So much depends on scale. I wish I could count on having more than 2,000-3,000 cases like @RyanZotti typically has; I seldom have 1/10th that many. That's a big difference in perspective between "big data" machine learning folk and those working in fields like biomedicine, which might account for some of the different perspectives you will find on this site.
I'll present a heuristic explanation of my take on this problem. The basic issue in overfitting, as described on the Wikipedia page, is the relation between the number of cases and the number of parameters you are evaluating. So start with the rough idea that if you have M models you are choosing among and p parameters per model then you are evaluating something on the order of Mp parameters in total.
If there is danger of overfitting there are two general ways to pull back to a more generalizable model: reduce the number of parameters or penalize them in some way.
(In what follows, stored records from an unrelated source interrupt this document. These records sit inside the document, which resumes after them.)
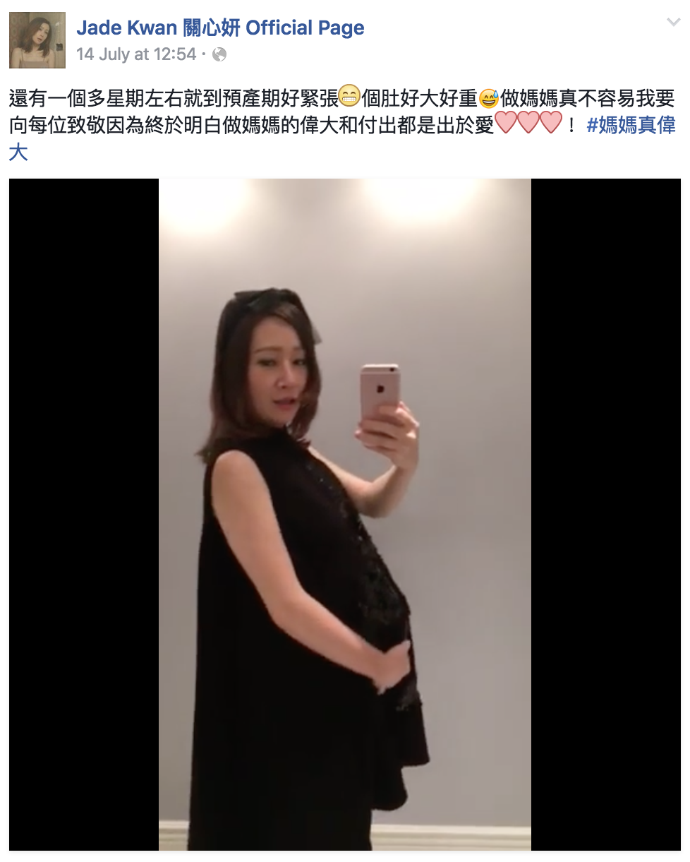 Jovia約重七磅,睇爸爸媽媽張貼的腳仔相都覺得非常活潑!不過媽媽Jade之前就真係好辛苦喇,約一周前才拍攝影片,同大家分享巨肚當中表示自己真係好緊張、好辛苦,講講下連平時唱開歌的都喘氣,Jovia大個女真係要好好報答媽媽的愛呀!
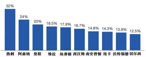 而好货囤了一卡车的豪门,这个数据也不咋地。本赛季切尔西的阵容中有83.3%的球员来自其他国家,外来人口指数在整个欧洲足坛可以排到第3位。而以奇克为代表的本队青训球员所占比重更是只有12.5%,并且鲜有上场机会。
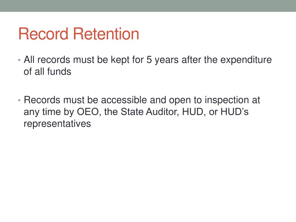 Record Retention • All records must be kept for 5 years after the expenditure of all funds • Records must be accessible and open to inspection at any time by OEO, the State Auditor, HUD, or HUD’s representatives
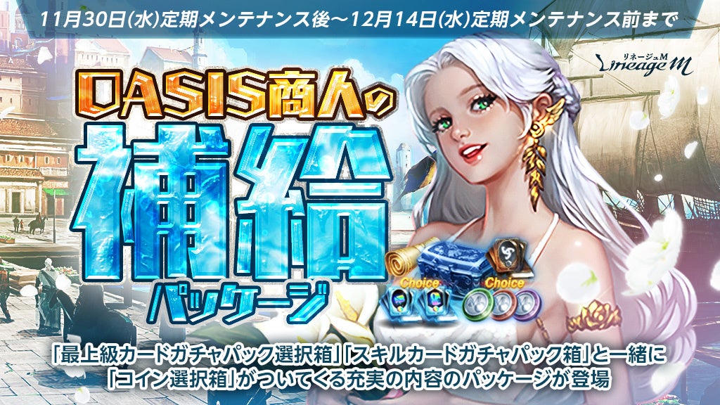 高級~伝説級の変身ガチャパックかマジックドールガチャパックを選択して獲得可能できる「最上級カードガチャパック選択箱」1個、一般~英雄級のスキルカードを獲得できる「スキルカードガチャパック箱(イベント)」2個、各種コイン箱を選択して獲得できる「コイン選択箱」5個がセットになった「OASIS商人の補給パッケージ」が登場しました。
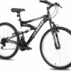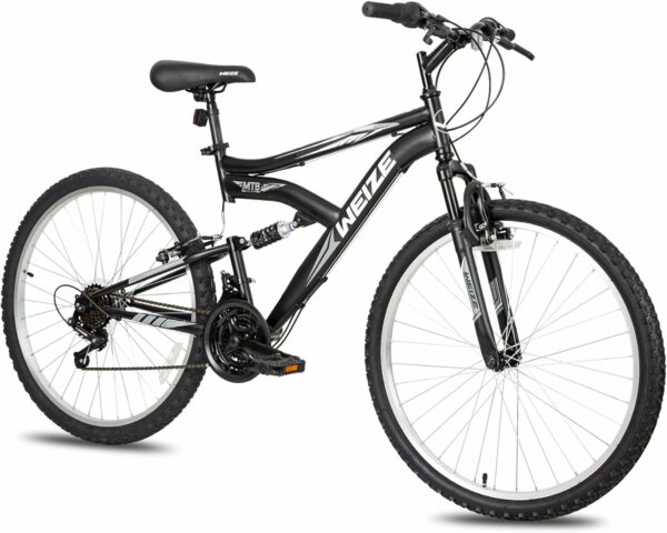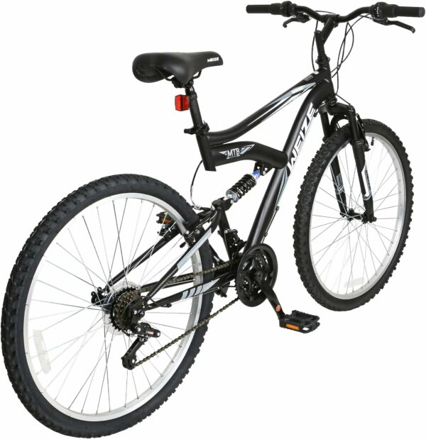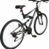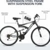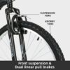 Durable steel dual suspension Mountain Bike frameFront suspension fork and rear coil shock18 speed twist shifters with rear derailleurFront and rear linear pull brakesAlloy rims and three-piece cranksAssembled Dimensions: 69″ L x 42.51″ H x 24.4″ WSupports Maximum weight of 275 lbs.Male Rider Height: 5’2″ – 6’2″
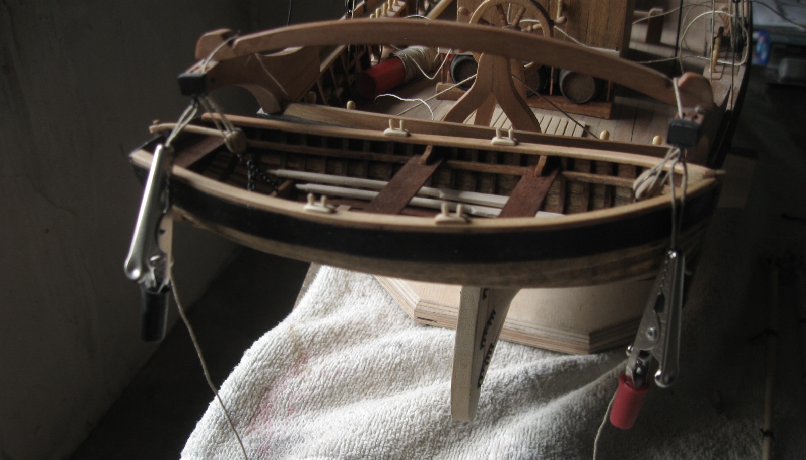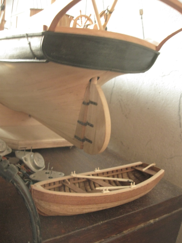 prace przy K&M zbliża się powoli do końca, na obecnym etapie zamontowałem na rufie szalupę:
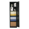The single-door cabinet is made of cold-rolled steel, which provides stability, durability, and resistance over time. It has an opening door and 4 shelves for organizing and storing small and large items.
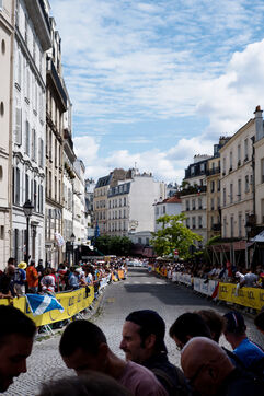 Rue Lepic - Paris - France a host of supporters await the riders for the final stage of the Tour de France 2025 on the cobbled streets of rue Lepic in Paris.
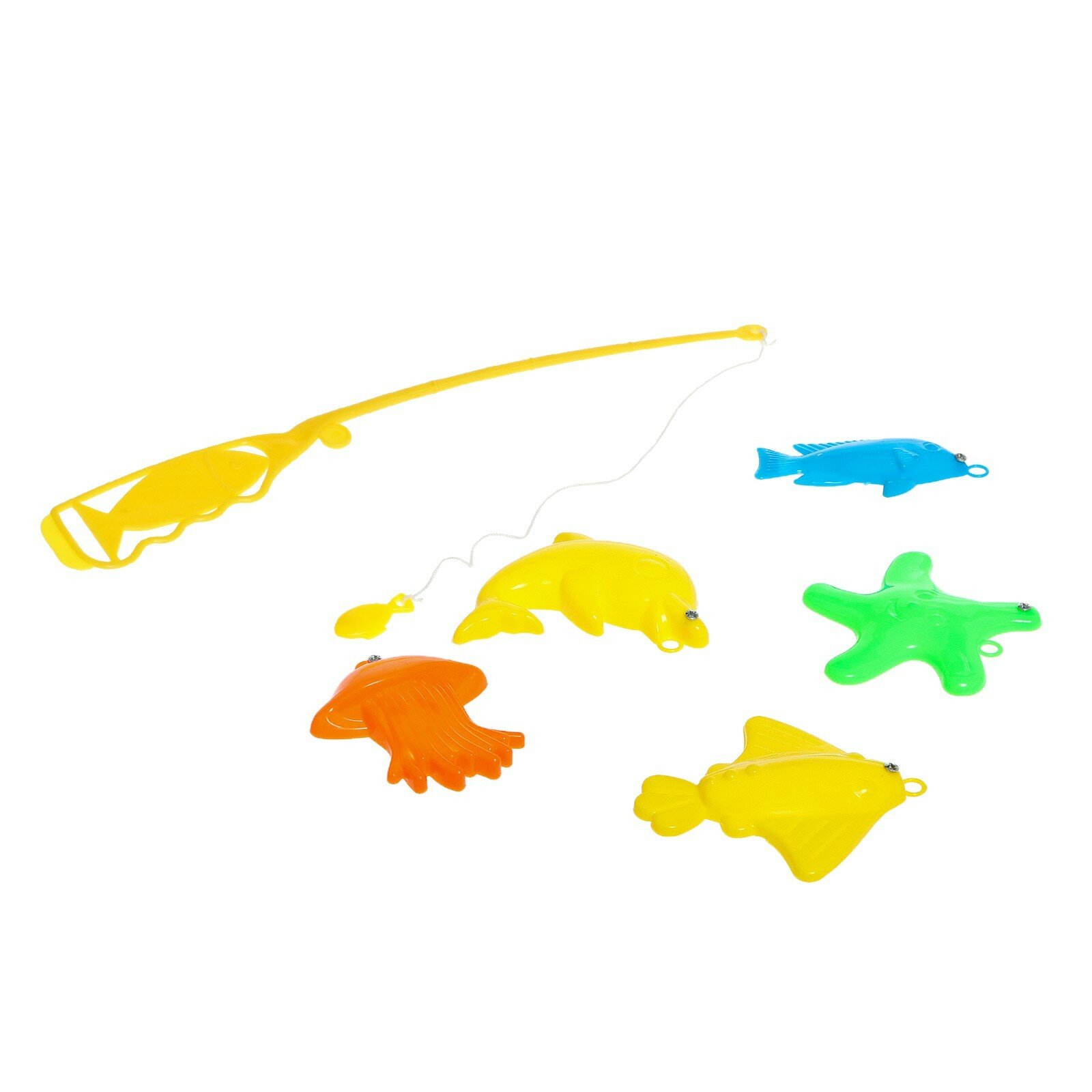 Купить Рыбалка магнитная "Яркие рыбки" 1 удочка, 5 рыбок микс
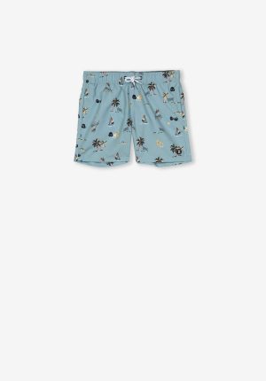 Calções de banho azuis c/ print praia
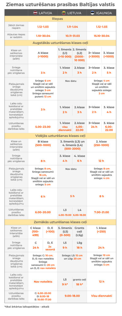 Valsts autoceļiem ziemas sezonā atbilstoši MK noteikumiem noteiktas piecas uzturēšanas klases – A, B, C, D un E. Detalizētas prasības par uzturēšanu atbilstoši klasēm skatiet tabulā pielikumā (uzturēšanas prasības salīdzinātas arī ar prasībām kaimiņvalstīs Lietuvā un Igaunijā).
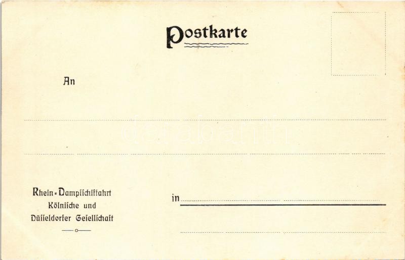 An Bord des Rheindampfers... Rhein-Dampfschiffahrt Kölnische und Düsseldorfer Gesellschaft / German steamship company, steamer line between Cologne and Düsseldorf, advertisement card
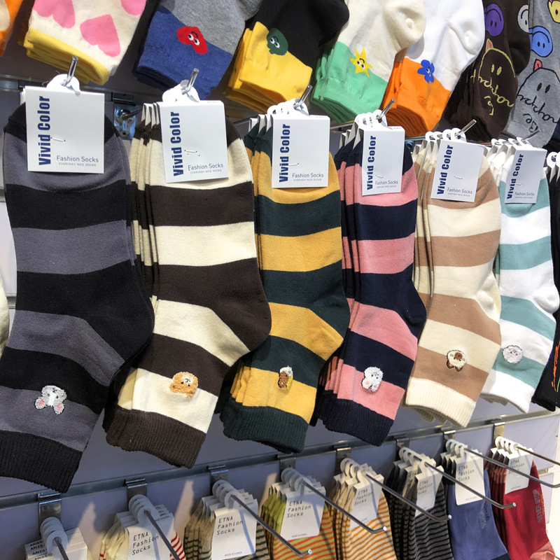 [재고] 한국 2023 새로운 양말 생생한 컬러 매칭 와이드 줄무늬 여아 면 양말 작은 만화 튜브 양말스토어 가기
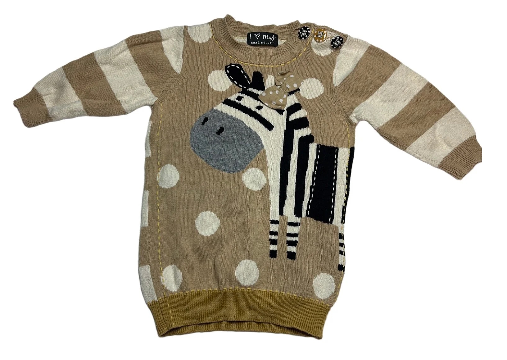 Robe pull ML en maille marron et beige 3/6 mois Next
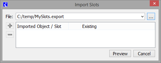 Figure 6.64  Screenshot if Import Slots preview with slots that cannot be imported
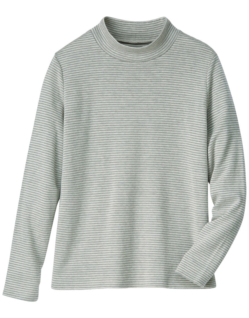 微起毛感が冬らしいカットソーであったかやわらかな風合いで首もとをやさしく包むハイネック。装いを明るく演出する色合いの着やすい細ボーダーです。LOVE BODY 2023冬号ゆららP11-2に掲載されています。

With adequately large data sets you might never come close to overfitting. If you have 20,000 cases and 20 different models with 100 parameters per model, then you might not be in trouble even without penalization as you still have 10 cases per effective parameter. Don't try that modeling strategy with only 200 cases.
Model averaging might be thought of as a form of penalization. In the example of the Kaggler cited by @RyanZotti, the number of cases is presumably enormous and each of the "several thousand" models in the final ensemble individually contributes only a small fraction of the final model. Any overfitting specific to a particular contributing model will not have a great influence on the final result, and the extremely large numbers of cases in a Kaggler competition further reduces the danger of overfitting.
So, as with so many issues here, the only reasonable answer is: "It depends." In this case, it depends on the relation between the number of cases and the effective number of parameters examined, together with how much penalization is being applied.